Her head was still tilted up, though he had stopped drying her face. Her lips were parted in a smile. It was the easiest thing in the world to kiss her. She kissed him back, hesitantly at first, then she put her hands behind his neck and pulled his face to hers and kissed him hard.

Her bra pressed against his chest. It should have been sexy, but the wiring was so stiff that it scratched his chest through the fine cotton of his shirt. After a moment he pulled away, feeling foolish. “What?” she said.

He lightly touched the brassiere and said with a grin, “It hurts.”

“You poor thing,” she said with mock pity.

She reached behind her back and unfastened the bra with a swift movement. It fell to the floor.

He had touched her breasts a few times, all those years ago, but he had never seen them. They were white and round, and the pale nipples were puckered with excitement. She put her arms around his neck and pressed her body to his. Her breasts were soft and warm. “There,” she said. “That’s how it should feel.”

After a while he picked her up, stepped into the bedroom, and laid her on the bed. She kicked off her shoes. He touched the waistband of her half-slip and said, “May I?”

She giggled. “Oh, Luke, you’re so polite!”

He grinned. It was kind of silly, but he did not know how else to be. She lifted her hips and he pulled off the slip.

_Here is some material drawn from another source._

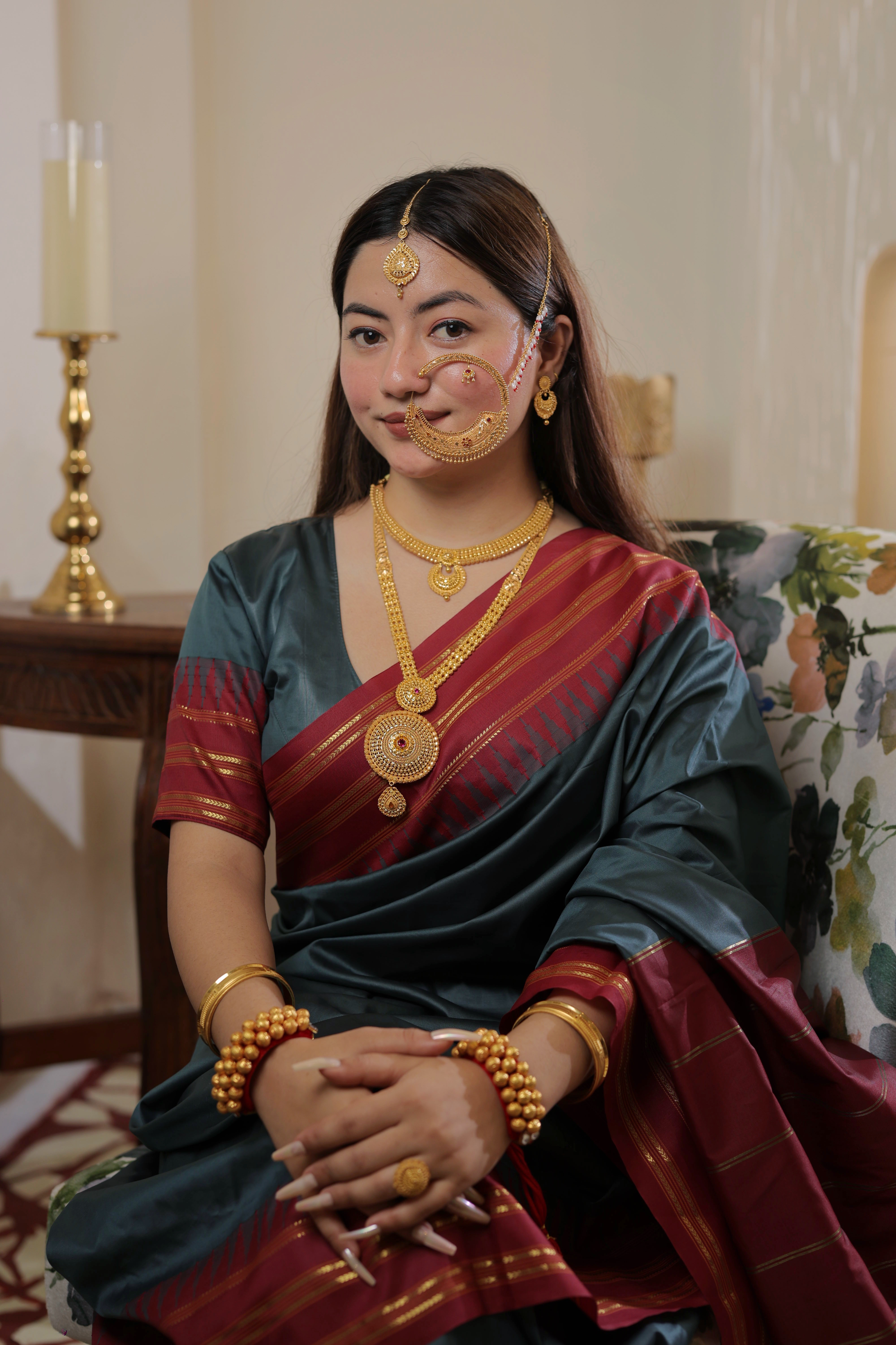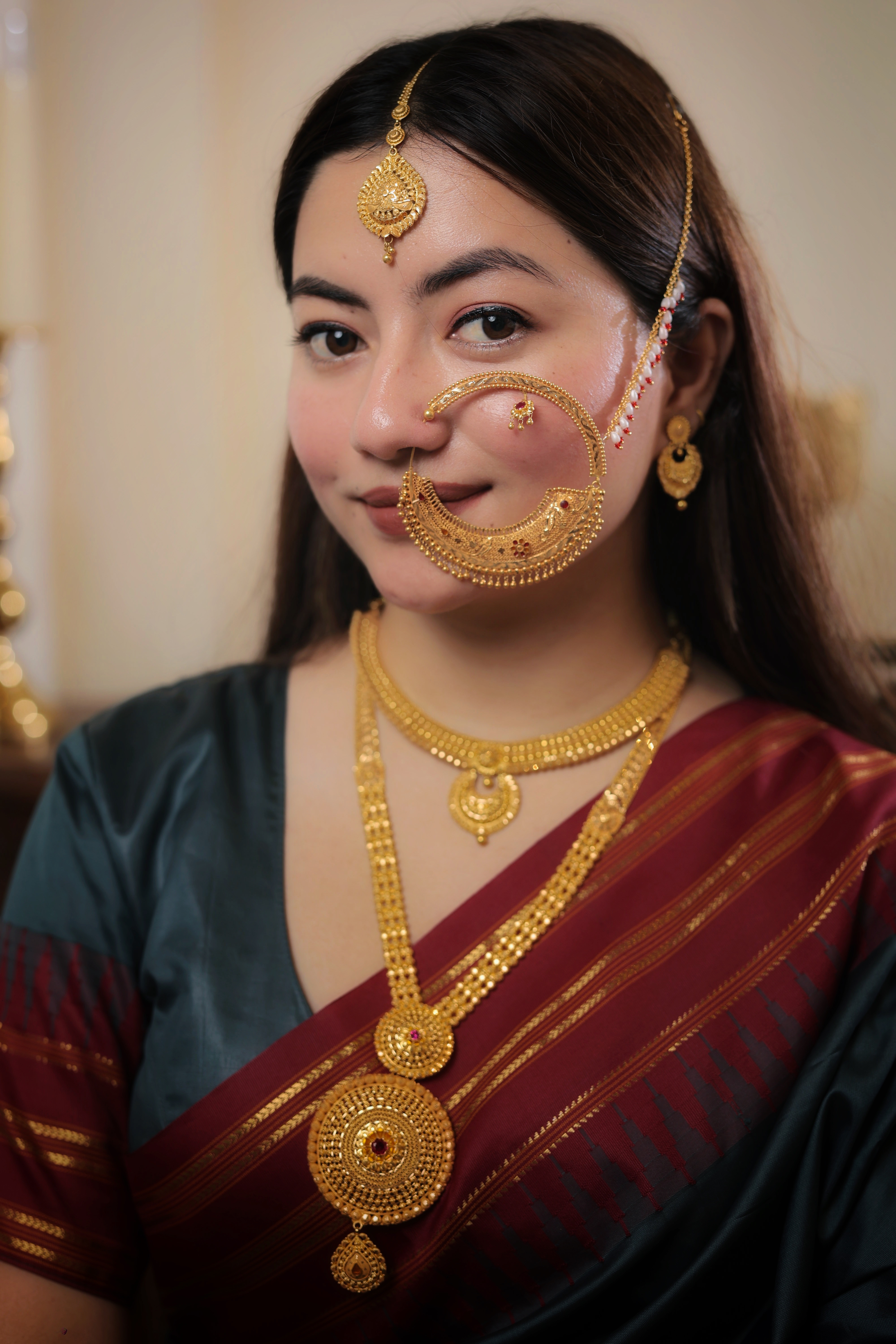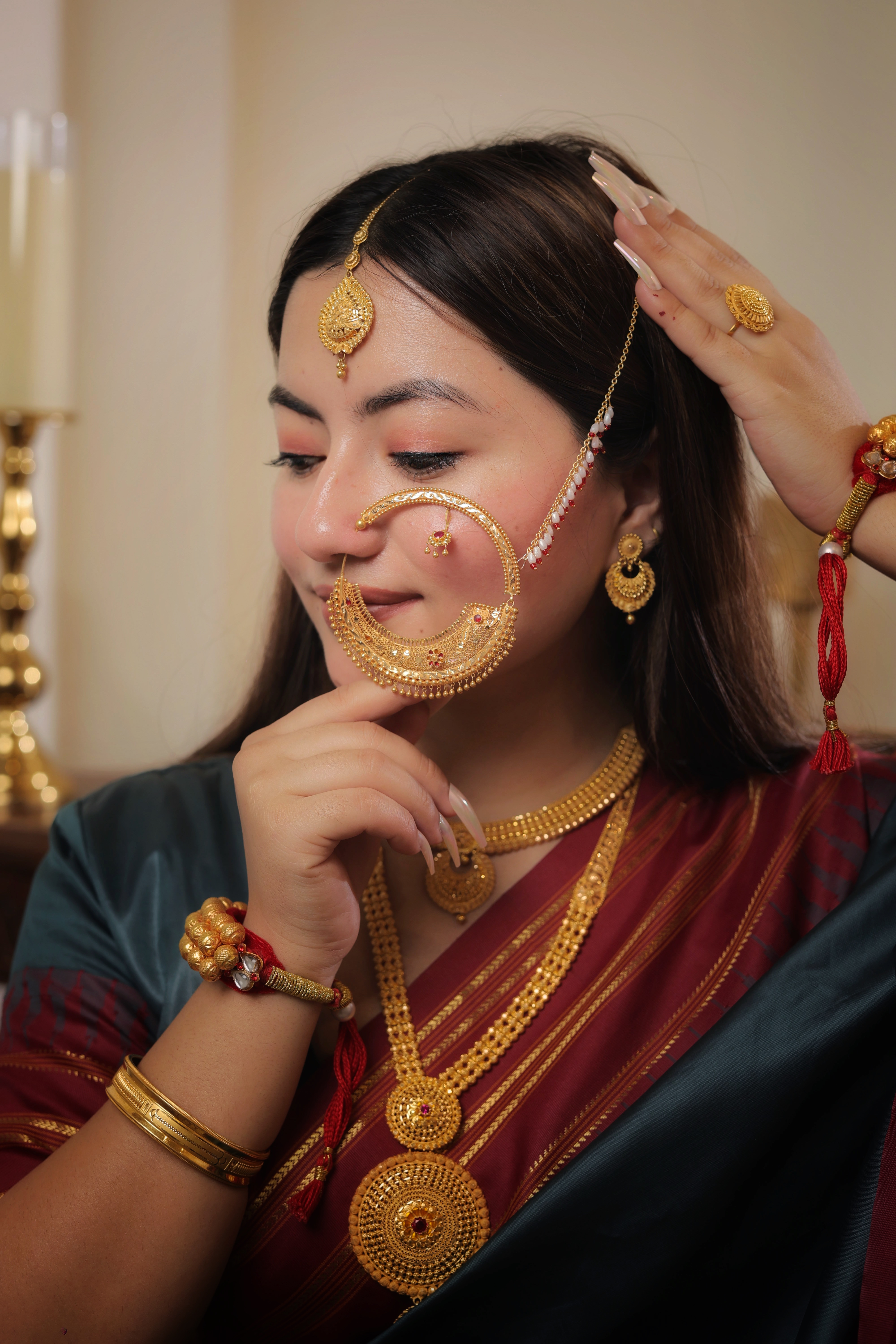 The traditional Mukhala (ear chain) beautifully complements the Nath, featuring a secure link of Gold with white pearls and red beads, providing necessary balance and stability.
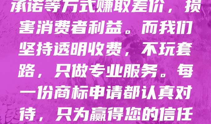 商标申请268元,看似价格实惠,但背后却隐藏着不少陷阱。一些机构以低价吸引客户,实则通过加价服务、虚假承诺等方式赚取差价,损害消费者利益。而我们坚持透明收费,不玩套路,只做专业服务。每一份商标申请都认真对待,只为赢得您的信任与口碑。选择我们,不仅是选择一个价格,更是选择一份安心与保障。让我们用实力说话,用口碑赢得市场!

Her peach panties matched the rest of her underwear.

“Don’t ask,” she said. “Just take them off.”

When they made love it was slow and intense. She kept pulling his head to hers and kissing his face while he moved in and out of her. “I’ve wanted this for so long,” she whispered into his ear, and then she cried out with pleasure, several times, and lay back, exhausted.

Soon Elspeth fell into a deep sleep, but Luke lay awake, thinking about his life.

He had always wanted a family. For him, happiness was a big, noisy house full of children and friends and pets. Yet here he was, thirty-three and single, and the years seemed to go by faster and faster. Since the war, his career had been his priority, he told himself. He had gone back to
college, making up for the lost years. But that was not the real reason he was unmarried. The truth was that only two women had ever touched his heart—Billie and Elspeth. Billie had deceived him, but Elspeth was here beside him. He looked at her voluptuous body in the faint glow of the lights of Dupont Circle outside. Could there be anything better than spending every night like this, with a girl who was smart, brave as a lion, wonderful with children, and—on top of all that—stunningly beautiful?

At daybreak he got up and made coffee. He brought it into the bedroom on a tray and found Elspeth sitting up in bed, looking sleepily delectable. She smiled happily at him.

“I have something to ask you,” he said. He sat on the edge of the bed and took her hand. “Will you marry me?”

Her smile disappeared and she looked troubled. “Oh, my God,” she said. “Can I think about it?”